Luminal A: ER-positive and/or PR-positive, Her-2-negative; Luminal B: ER-positive and/or PR-negative, Her-2-postitive; HER2: ER-negative and PR-negative, Her-2-positive; Triple negative: ER-negative, PR-negative, Her-2-negative

Discussion

In this study, we establish a system to functionally identify gain-of-function effects on tumorigenesis in the mammary gland, study the mechanisms through which these genes promote tumor formation, and investigate their clinical relevance. We identified four tumor-promoting genes through this approach that had not previously been associated with cancer. One of these genes, GTF2IRD1, was further studied for its mechanism and clinical relevance. It significantly accelerates mammary tumor formation in an oncogenic background, and correlates with increased tumor grade and poor prognosis in human patients.

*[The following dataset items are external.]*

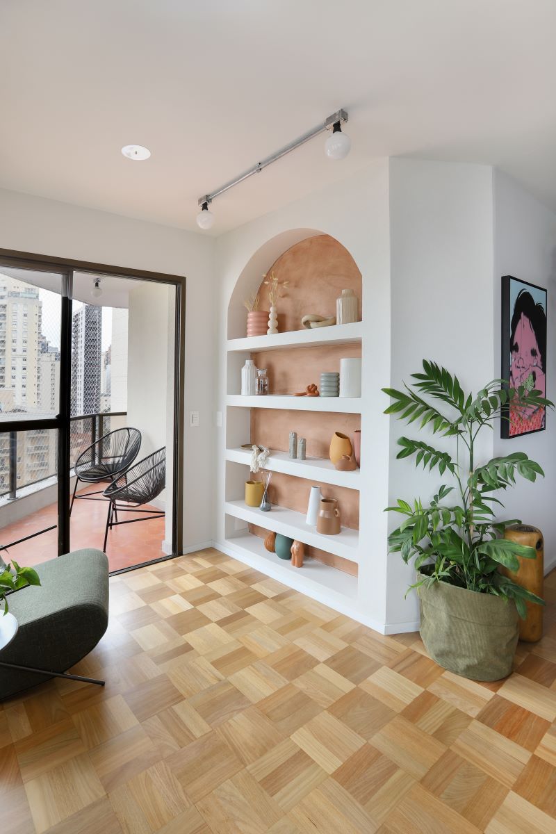 Com certeza, você terá a sensação de já ter visto essa cor antes em algum decor por ai. Neste projeto o Studio 92 Arquitetura (@studio_92arquitetura) destaca a parede dos nichos da estante esculpida com a cor do ano esfumaçado transmitindo a mensagem de acolhimento e quietude. Foto: Mariana Orsi
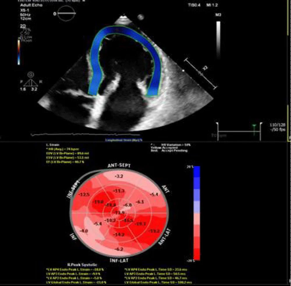 Figure 8: 2D speckle tracking of LV revealed GLS =-19.7%.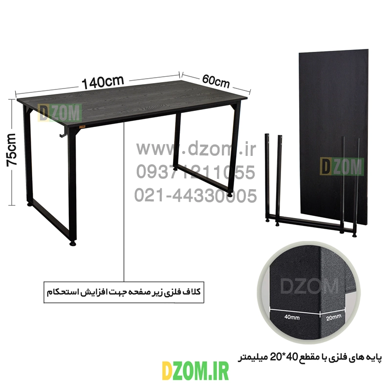 میز کامپیوتر دیزم DZom مدل مونتاژی TLD_asm_140×60_B محصولی مونتاژی، سبک، شیک و در عین حال جذاب و کارآمد از سری تولیدات دیزم میباشد. مشتری گرامی توجه نمایید برند دیزم (شماره ثبت 414013 اداره ثبت علائم تجاری) هیچگونه نمایندگی فروش در بازارهای فیزیکی و آنلاین نداشته و محصولات خود را با کیفیت و بسته بندی اصلی، مستقیما از طریق سایت Dzom.ir یا شبکه های اجتماعی خود به مصرف کننده (End User) عرضه می نماید. لطفا از خرید کالای تقلبی از سایر فروشندگان خودداری فرمایید. این محصول بصورت سلف اسمبل (مونتاژی) تولید شده است. ویژگی ممتاز این میز حمل و نقل آسان آن است. سلف اسمبل بودن محصول باعث شده است تا هزینه حمل و نقل بسیار مناسب و مقرون به صرفه شود. این میز از پایه های فلزی با مقطع 40×20 میلیمتر و رنگ رویه الکترواستاتیک با ماندگاری و دوام بالا ساخته شده است. همچنین پایه های پیچی، قابلیت تنظیم نسبت به سطح زمین را دارد تا بهترین تراز جهت جلوگیری از تکان خوردن را ایجاد نماید. صفحه میز از جنس MDF درجه یک برجسته طرح چوب به رنگ مشکی می باشد. این محصول با طول 140cm، عرض 60cm و ارتفاع 75cm عرضه می شود. به این نکته توجه شود که تنوع رنگ انتخابی کالا تنها مربوط به رنگ پایه های فلزی میباشد.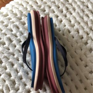 Tory Burch 3 layered platform slides. Size 9. Blue,cream,burgundy. Worn x1.

We demonstrate that induction of TβR2 is essential for GTF2IRD1-driven tumorigenesis and that over-expression of TβR2 is sufficient to accelerate mammary tumor formation. GTF2IRD1 or TβR2 each activate TGFβ signaling, and promote soft agar colony formation in vitro, but reduce cell proliferation. Therefore, these genes would not have been revealed as tumor promoters using a classical in vitro screen, highlighting the importance of using clinically relevant in vivo approaches. Consistent with these paradoxical effects, TβR2 was earlier demonstrated to be a tumor suppressor gene in early tumor stages, but can also behave as a tumor promoter (Massague, 2012). Loss of TβR2, for example, promotes metastatic squamous cell carcinoma and aggressive tumor behavior (Lu et al., 2006; Malkoski et al., 2012), whereas in HER2 mammary carcinogenesis, a dominant-negative TβR2 mutant delayed tumor onset (Novitskiy et al., 2014). The other downstream target of GTF2IRD1 is BMPR1b, which has not been directly linked to tumorigenesis. In our study, this receptor functions as a mammary tumor suppressor. It will be instructive in the future to determine if these genes can promote tumor formation independent of any specific driver, as seems likely from the human breast cancer data, or whether they are ErbB2/HER2-specific. Finally, our in vivo approach can be easily expanded to a genome–wide gain of function screen using a pooled CRISPR gene activation library, which we expect will reveal additional gain-of-function genes that can promote breast cancer and that will be of clinical relevance.

Experimental Procedures

Mice

ErbB2 transgenic mice MMTV-NEU-NDL were kindly provided by Dr. William Muller. Male ErbB2 transgenic mice were bred to female FVB mice purchased from the Jackson Laboratory. No randomization method was used for inbred mice. All experiments were carried out in accordance with AAALAC guidelines and with Vanderbilt University Institutional Animal Care and Use Committee approval.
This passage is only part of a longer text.